For one, throughout his entire career—which is still going—Roger Federer has spent 310 weeks at the number one spot. Of these 310 weeks, he spent 237 consecutive weeks at the number one spot, meaning for nearly four and a half years, Roger Federer dominated the entire tennis world. Currently, he holds the greatest number of Grand Slam titles won at twenty—eight Wimbledon titles, six Australian Opens, 5 US Open titles, and one Roland Garros title. Combine this with the fact that he also has ninety nine titles under his belt and you’ll see why no one in this era is anywhere close to taking on Roger Federer.

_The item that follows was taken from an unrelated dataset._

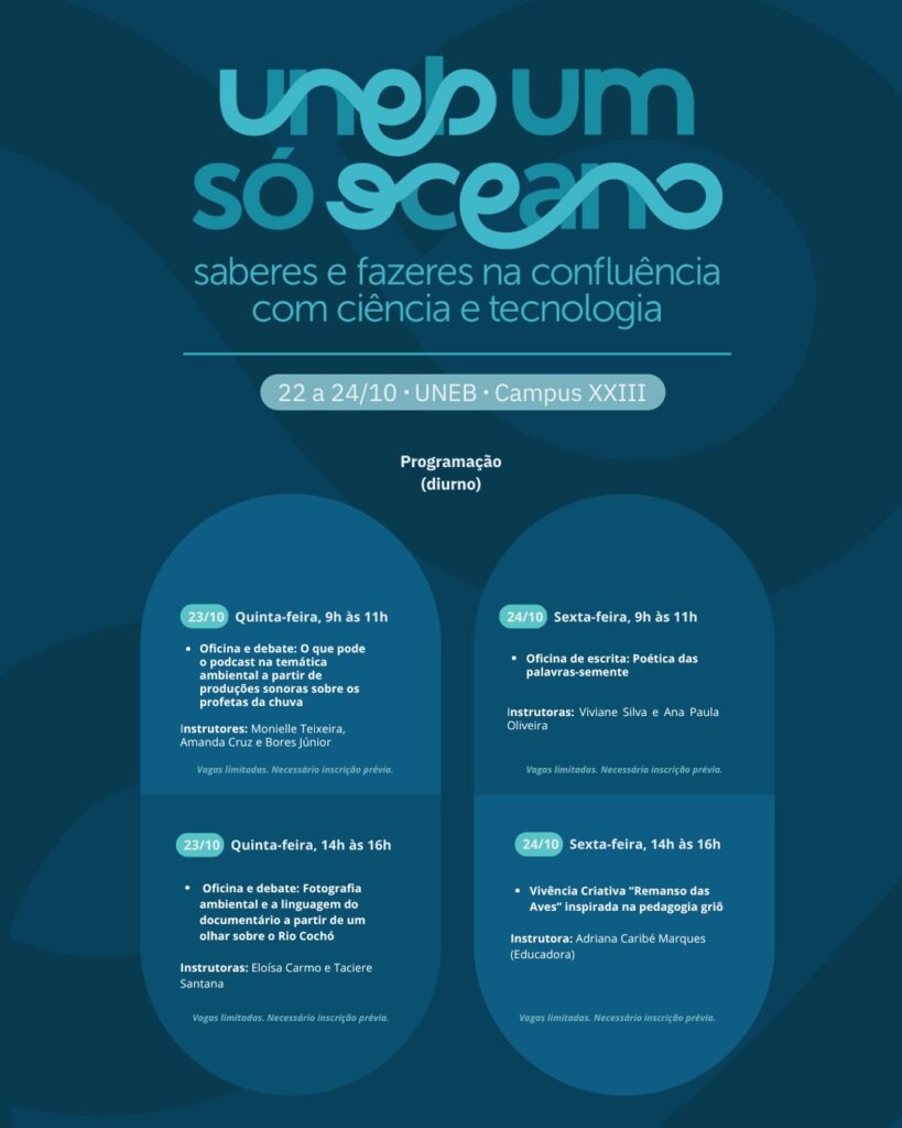 Durante o evento, haverá também uma mostra de banners produzidos pelos alunos do curso de Jornalismo da UNEB, apresentando pesquisas e projetos sobre comunicação, sustentabilidade e saberes locais.

These are only the surface of his career achievements as he’s won Wimbledon a record number of times and he’s also won consecutive US Opens a record number of times. The fact of the matter is, Roger Federer dominated from the era of 2003 to 2012. During this time, the only two players that ever beat him at a Grand Slam were Juan Martin Del Potro and Rafael Nadal, with most of Rafael Nadal’s victories coming from the clay court. Meanwhile, Juan Martin Del Potro only beat him once in a miracle run at the US Open finals that went five sets.

Furthermore, had it not been for Rafael Nadal, Roger Federer would have probably dominated all three court types: hard, grass, and clay. In 2004, 2006, and 2007, Roger Federer was one Grand Slam off of completing the “Grand Slam” sweep and each time, the Grand Slam he fell short at was the Roland Garros open. Other than that, he dominated, winning Wimbledon five times in a row—he almost made it seven years in a row had it not been for his grueling five set loss against Rafael Nadal in 2008. He’d then go on to win the US Open five times in a row around the same period of time where he was dominating Wimbledon.

Using a calculated court sense and precise backhand and forehand accuracy, Roger Federer was unbeatable from nearly every section of the court. This meant that his opponents had to find unorthodox ways to beat him and most of the time, they didn’t. To this day, his opponents still find it hard to beat him one-on-one even at Roger Federer’s ripe age of thirty-seven.

Even though he’s nearing the end of his career, Roger Federer has left us an unforgettable era—one in which he showed that anything is possible. Even though Rafael Nadal was the gatekeeper that held him from three possible “Grand Slam” sweeps and Novak Djokovic became a worthy adversary that challenged him from 2012 on, Roger Federer has left a story behind that makes every tennis player consider him a worthy title of the best player of all time.


Tennis is one of the most mentally-challenging sports in the industry. Because the player is their by himself, they have to deal with everything by themselves. Therefore, it can be tough to find greatness in this field. But some have and when they do find this greatness, they leave a legacy behind that leaves their fans in awe. There have been many that have done this before but some have done it better than other and some have done it so well that they’ve been considered as one of the greatest of all time.

Pete Sampras revolutionized and dominated tennis with a playstyle that was thought dead during his time on the court. Rod Laver broke records in the short time in which tennis was on a transition to the commercial scale. Andre Agassi and John McEnroe both brought something edgy to the game that made the audience love tennis even more while also creating their own personal records. Rafael Nadal not only became the king of clay but he also became known as the only man able to stop Roger Federer from complete dominance.

The list goes on. Each of the players on this list deserves to be here due to their own large number of achievements and what they’ve brought to the game. Together, they’ve evolved tennis into a sport that is no longer just about hitting the ball back and forth but also about the culture behind the game.